### SOURCE DATA

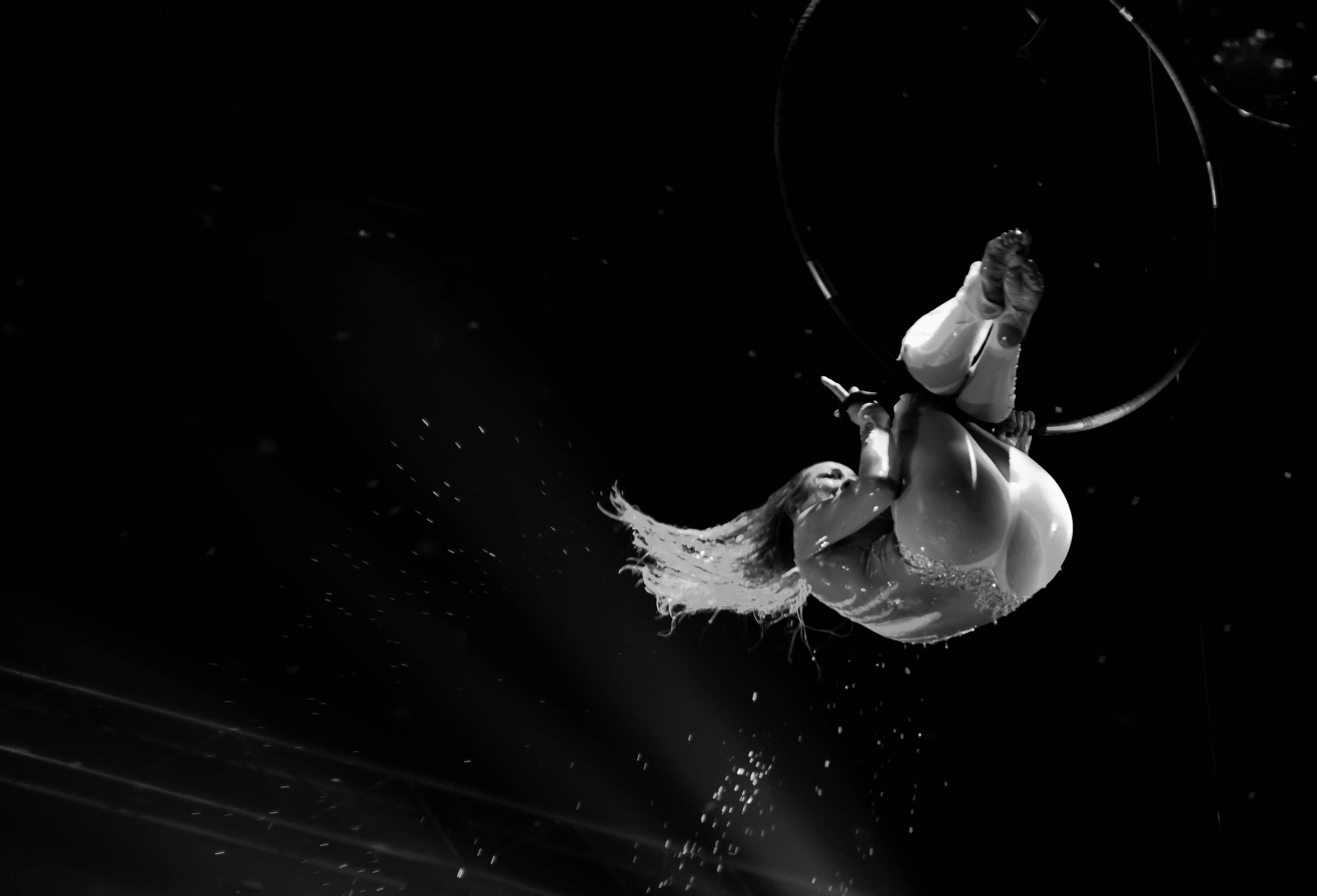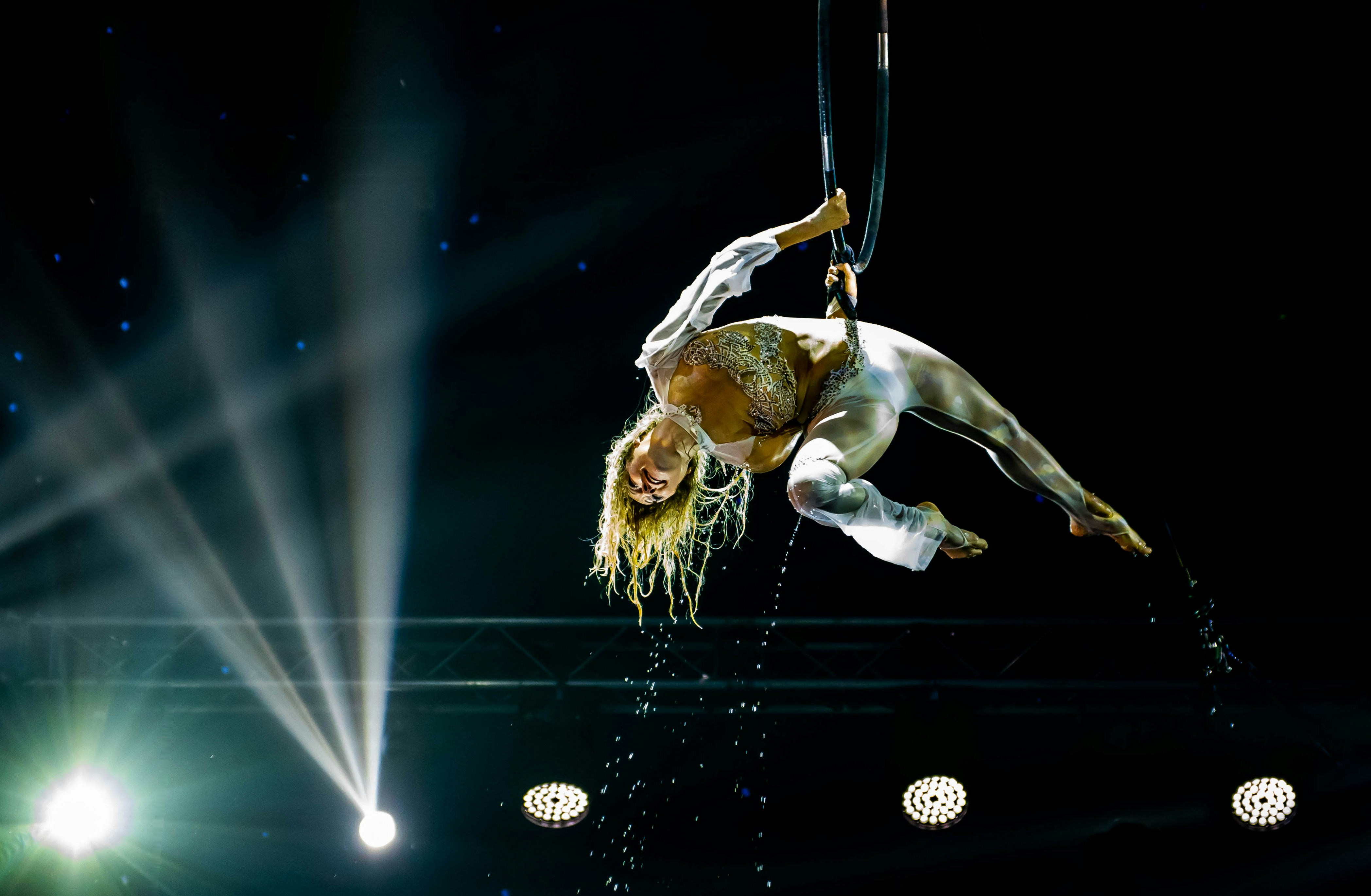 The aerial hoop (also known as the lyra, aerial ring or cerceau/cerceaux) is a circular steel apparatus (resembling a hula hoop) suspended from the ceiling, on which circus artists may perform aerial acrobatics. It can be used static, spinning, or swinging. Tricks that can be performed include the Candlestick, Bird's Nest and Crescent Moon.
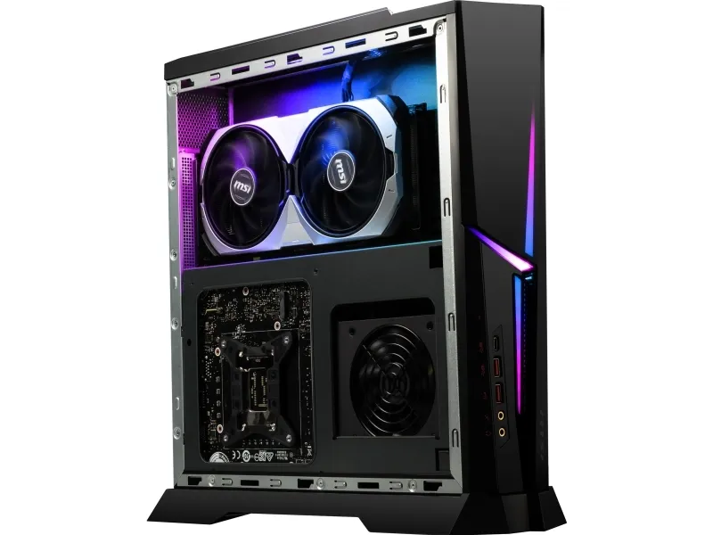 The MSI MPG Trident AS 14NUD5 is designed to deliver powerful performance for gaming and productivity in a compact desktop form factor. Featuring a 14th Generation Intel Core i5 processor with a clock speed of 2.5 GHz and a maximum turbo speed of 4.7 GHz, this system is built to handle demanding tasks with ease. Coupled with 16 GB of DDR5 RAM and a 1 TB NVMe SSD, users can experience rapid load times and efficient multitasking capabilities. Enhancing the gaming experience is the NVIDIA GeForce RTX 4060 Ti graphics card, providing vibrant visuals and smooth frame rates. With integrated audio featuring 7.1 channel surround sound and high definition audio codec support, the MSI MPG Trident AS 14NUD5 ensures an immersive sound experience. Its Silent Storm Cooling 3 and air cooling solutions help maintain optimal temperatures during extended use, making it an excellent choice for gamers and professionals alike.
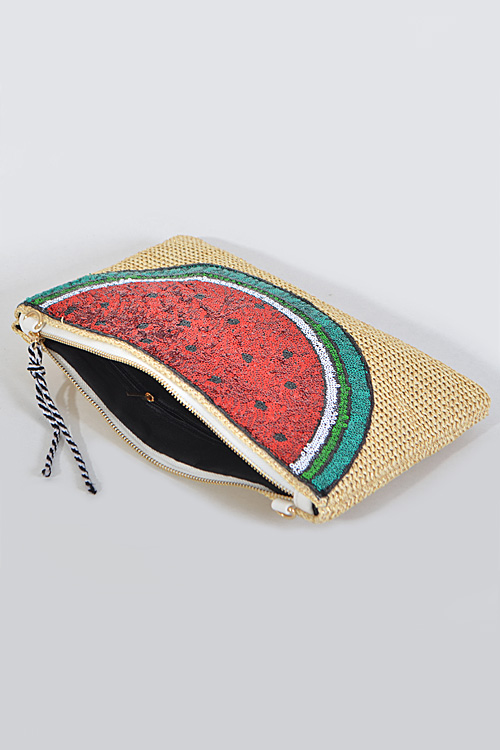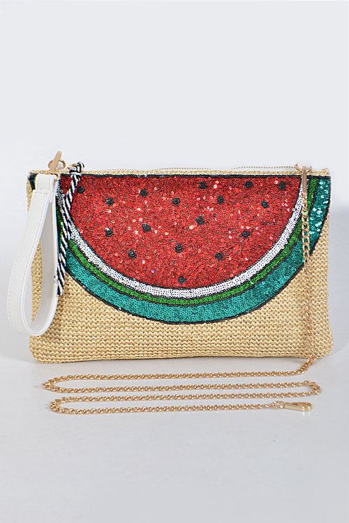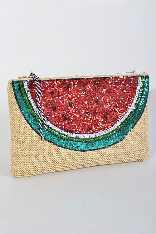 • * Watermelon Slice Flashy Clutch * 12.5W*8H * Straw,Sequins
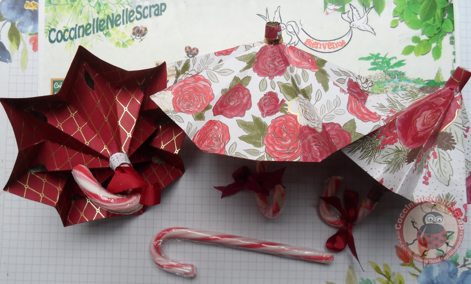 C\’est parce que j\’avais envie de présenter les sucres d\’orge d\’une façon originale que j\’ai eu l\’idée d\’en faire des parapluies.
---
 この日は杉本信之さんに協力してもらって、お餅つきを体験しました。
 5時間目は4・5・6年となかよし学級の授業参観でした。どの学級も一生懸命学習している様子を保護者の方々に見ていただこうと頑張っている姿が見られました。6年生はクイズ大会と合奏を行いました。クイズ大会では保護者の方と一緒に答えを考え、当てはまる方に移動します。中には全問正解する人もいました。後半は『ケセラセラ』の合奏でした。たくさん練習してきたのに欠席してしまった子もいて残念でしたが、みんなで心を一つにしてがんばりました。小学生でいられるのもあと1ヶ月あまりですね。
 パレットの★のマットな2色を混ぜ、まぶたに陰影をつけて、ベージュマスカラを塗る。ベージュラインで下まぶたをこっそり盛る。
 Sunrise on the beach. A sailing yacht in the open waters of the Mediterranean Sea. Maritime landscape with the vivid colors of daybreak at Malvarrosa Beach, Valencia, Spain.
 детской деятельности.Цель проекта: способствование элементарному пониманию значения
...
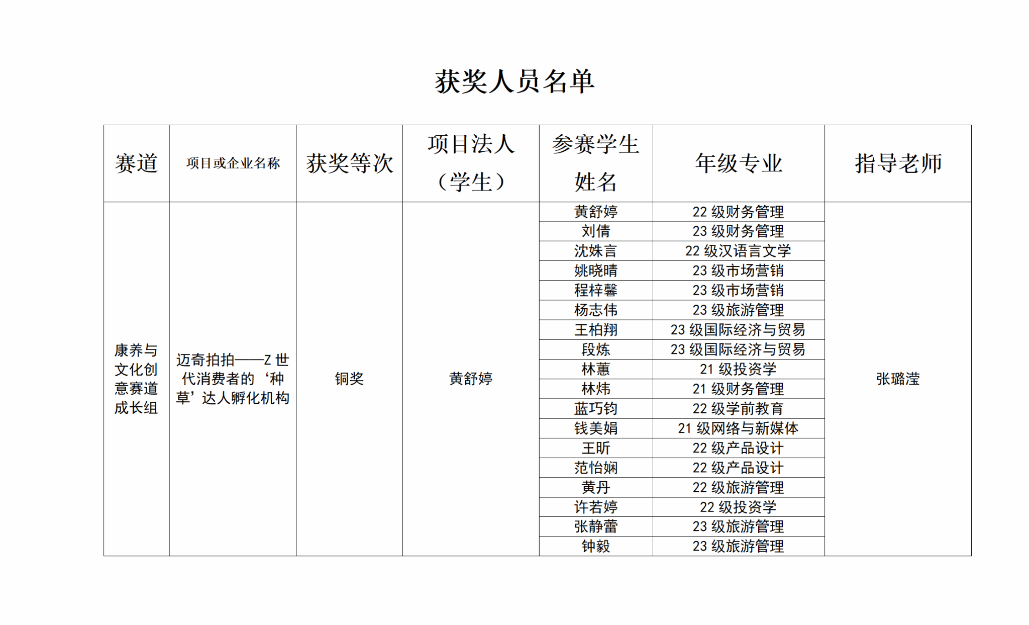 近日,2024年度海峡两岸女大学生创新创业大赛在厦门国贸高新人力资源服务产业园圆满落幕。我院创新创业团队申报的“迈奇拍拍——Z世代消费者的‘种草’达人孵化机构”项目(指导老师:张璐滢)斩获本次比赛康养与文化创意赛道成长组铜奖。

### WHAT THE EXERCISE ASKS
An exact copy is needed. It runs from the line above containing "12.5W*8H * Straw,Sequins" down to the line containing "C\’est parce que", both included, with no pictures.

### ANSWER SPACE
 • * Watermelon Slice Flashy Clutch * 12.5W*8H * Straw,Sequins
 C\’est parce que j\’avais envie de présenter les sucres d\’orge d\’une façon originale que j\’ai eu l\’idée d\’en faire des parapluies.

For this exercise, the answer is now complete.